─── RECORDS FOR THIS TASK

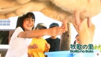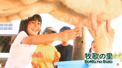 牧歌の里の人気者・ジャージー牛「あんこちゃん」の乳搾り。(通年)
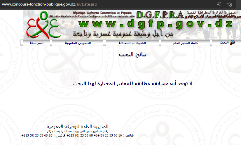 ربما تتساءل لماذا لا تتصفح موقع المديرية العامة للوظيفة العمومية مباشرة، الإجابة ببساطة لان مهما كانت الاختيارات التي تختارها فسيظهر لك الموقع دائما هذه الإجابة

──────
─── RECORDS FOR THIS TASK

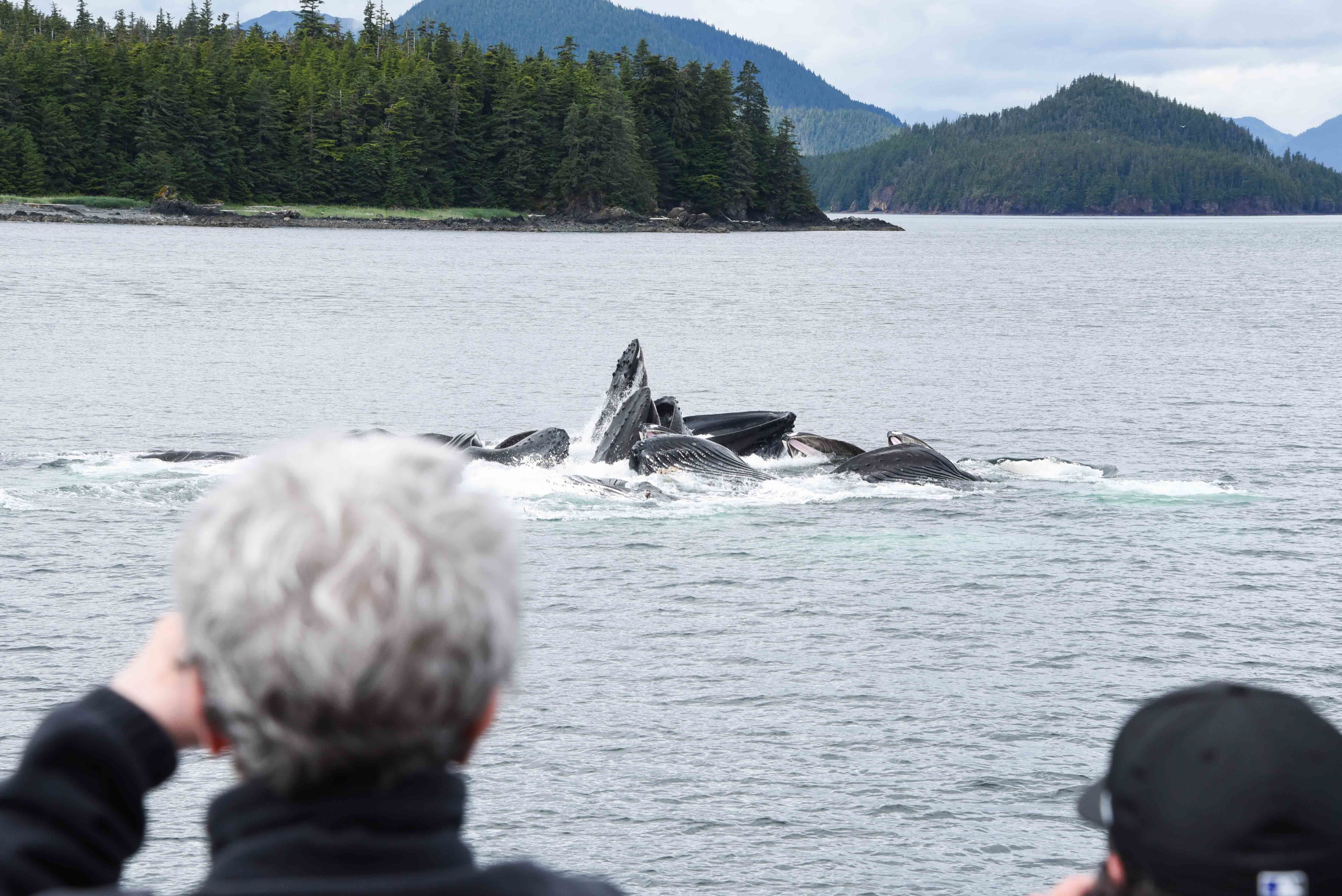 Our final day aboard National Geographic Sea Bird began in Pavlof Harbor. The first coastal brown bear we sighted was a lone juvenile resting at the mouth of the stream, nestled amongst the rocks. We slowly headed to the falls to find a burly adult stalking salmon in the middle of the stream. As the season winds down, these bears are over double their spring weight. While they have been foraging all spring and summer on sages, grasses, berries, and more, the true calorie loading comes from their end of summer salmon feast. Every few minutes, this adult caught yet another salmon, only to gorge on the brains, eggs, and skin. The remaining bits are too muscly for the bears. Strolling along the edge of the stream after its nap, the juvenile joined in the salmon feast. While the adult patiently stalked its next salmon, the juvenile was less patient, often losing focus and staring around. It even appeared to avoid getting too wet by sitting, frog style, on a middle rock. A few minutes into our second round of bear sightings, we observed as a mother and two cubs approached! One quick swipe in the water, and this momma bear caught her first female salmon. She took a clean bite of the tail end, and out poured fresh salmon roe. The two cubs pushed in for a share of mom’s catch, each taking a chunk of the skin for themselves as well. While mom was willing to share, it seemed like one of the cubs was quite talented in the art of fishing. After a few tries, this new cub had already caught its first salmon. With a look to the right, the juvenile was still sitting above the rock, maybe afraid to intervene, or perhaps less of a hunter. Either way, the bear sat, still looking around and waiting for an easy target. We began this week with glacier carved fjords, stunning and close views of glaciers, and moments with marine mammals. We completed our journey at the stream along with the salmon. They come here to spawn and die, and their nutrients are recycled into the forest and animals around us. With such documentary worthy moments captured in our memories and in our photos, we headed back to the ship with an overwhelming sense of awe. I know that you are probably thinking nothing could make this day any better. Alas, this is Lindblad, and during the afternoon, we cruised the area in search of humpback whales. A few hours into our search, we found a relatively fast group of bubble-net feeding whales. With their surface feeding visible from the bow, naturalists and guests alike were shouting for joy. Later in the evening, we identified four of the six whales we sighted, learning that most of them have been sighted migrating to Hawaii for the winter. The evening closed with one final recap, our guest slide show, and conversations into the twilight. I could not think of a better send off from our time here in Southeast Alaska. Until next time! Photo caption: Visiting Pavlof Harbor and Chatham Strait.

──────

**DESCRIPTION OF THE TASK:** When copying from the data above, print only the lines from the line containing "牧歌の里の人気者・ジャージー牛「あんこちゃん」の乳搾り。(通年)" to the line containing "ربما تتساءل لماذا", exactly, and leave the pictures out.

**SOLUTION TO THE EXERCISE:**
 牧歌の里の人気者・ジャージー牛「あんこちゃん」の乳搾り。(通年)
 ربما تتساءل لماذا لا تتصفح موقع المديرية العامة للوظيفة العمومية مباشرة، الإجابة ببساطة لان مهما كانت الاختيارات التي تختارها فسيظهر لك الموقع دائما هذه الإجابة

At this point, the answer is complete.